Music Information Retrieval (MIR)
Music information retrieval or MIR is the interdisciplinary science of retrieving information from music.
This includes:
- Computational methods for classification, clustering, and modelling — Musical feature extraction for mono- and polyphonic music, similarity and pattern matching, retrieval
- Formal methods and databases — Applications of automated music
identification and recognition, such as score following, automatic
accompaniment, Routing and filtering for music and music queries, Query
languages, Standards and other metadata or protocols for music
information handling and retrieval, Multi-agent systems, distributed search)
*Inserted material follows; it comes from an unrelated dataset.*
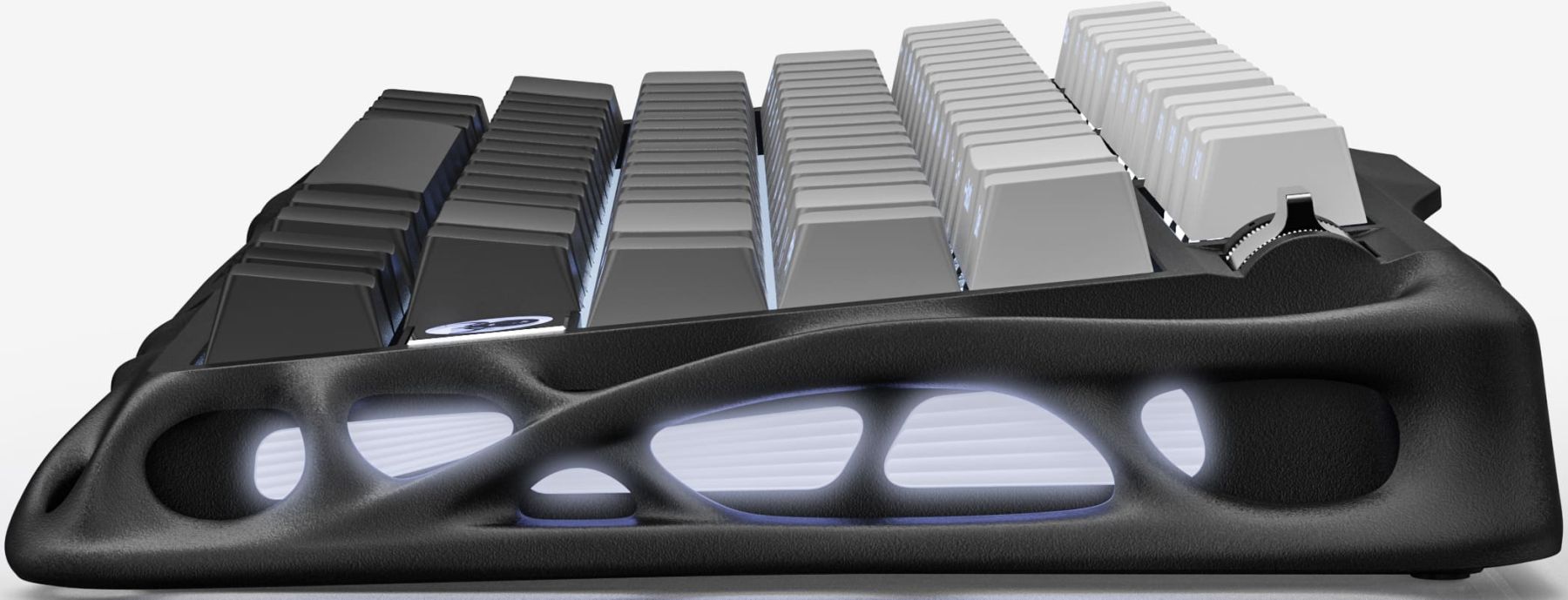 Mercury K1 - це баланс у всьому, міцність і легкість у кожному вигині його екзоскелета з алюмінієвого сплаву. Обтічна металева рама витримує кожне натискання клавіш, забезпечуючи симетричну стійкість, яка ідеально підходить для інтенсивних ігор і комфортного набору тексту.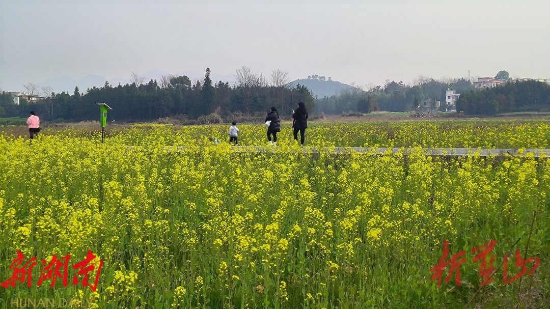 湖南日报·新湖南客户端1月27日讯 (通讯员 赵彬 盘俊杰)随着气温回升,塔峰镇雷家岭村近千亩油菜花竞相绽放。金灿灿的油菜花铺满大地,散发出浓浓的春意。

- Software for music information retrieval — Semantic Web and musical digital objects, Intelligent agents, Collaborative software, Web-based search and semantic retrieval, query by humming, acoustic fingerprinting
- Human-computer interaction and interfaces — Multi-modal interfaces, User interfaces and usability, Mobile applications, User behaviour
- Music perception, cognition, affect, and emotions — Music similarity metrics, Syntactical parameters, Semantic parameters, Musical forms, structures, styles and genres, Music annotation methodologies
- Music analysis and knowledge representation — Automatic
summarization, citing, excerpting, downgrading, transformation, Formal
models of music, digital scores and representations, Music indexing and
metadata
- Music archives, libraries, and digital collections — Music digital libraries, Public access to musical archives, Benchmarks and research databases
- Intellectual property rights and music — National and international intellectual property right issues, Digital rights management, Identification and traceability
- Sociology and Economy of music — Music industry and use of MIR in
the production, distribution, consumption chain, User profiling,
Validation, User needs and expectations, evaluation of music IR
systems, building test collections, experimental design and metrics
Areas of Study
The study of CA could be roughly divided into the following sub-problems:
- Representation: signal and symbolic. This aspect deals with
time-frequency representations, both in terms of notes and spectral
models, including pattern playback and audio texture.
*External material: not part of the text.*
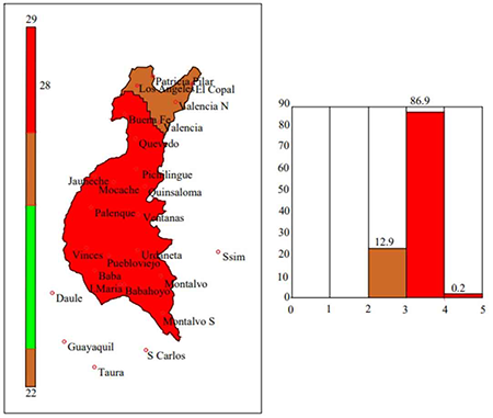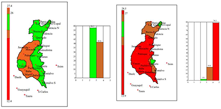 El escenario RCP 8.5, 2011-40 es similar al RCP 6.0, 2041-70, determinado por la mayor elevación de la temperatura del primero. Se favorecen los cantones al Sur que tenían temperaturas más bajas que los requerimientos de la Balsa, mientras que pasan de Favorables a Moderadas las condiciones de los sectores Jauneche, Mocache, Palenque, I.María y Babahoyo. En el escenario 2041-70, aunque las condiciones empeoran, todavía es exigua el área con condiciones Desfavorables. Los sectores con condiciones Desfavorables son Jauneche, Pichilingue, Baba, Babahoyo e I.María las condiciones Moderadas imperan para este escenario, alcanzando un 52,2% (Figura 5).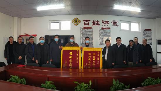 霍各庄镇党委书记尹波对于敬东总经理一行的到来表示欢迎,并代表镇政府向人保财险赠送锦旗,感谢人保财险帮扶组驻村三年来为张举人庄村所做的贡献,让张举人庄村的面貌焕然一新,帮扶工作取得的显著成效充分展现了人保财险作为金融央企的企业社会责任担当。

- Feature extraction: sound descriptors, segmentation, onset, pitch and envelope detection, chroma and auditory representations.
- Musical knowledge structures: analysis of tonality, rhythm and harmonies.
- Sound similarity: methods for comparison between sounds, sound identification, novelty detection, segmentation and clustering.
- Sequence modeling: matching and alignment between signals and note sequences.
- Source separation: methods of grouping of simultaneous sounds, such
as multiple pitch detection and time-frequency clustering methds.
- Auditory cognition: modeling of emotions, anticipation and familiarity, auditory surprise and analysis of musical structure.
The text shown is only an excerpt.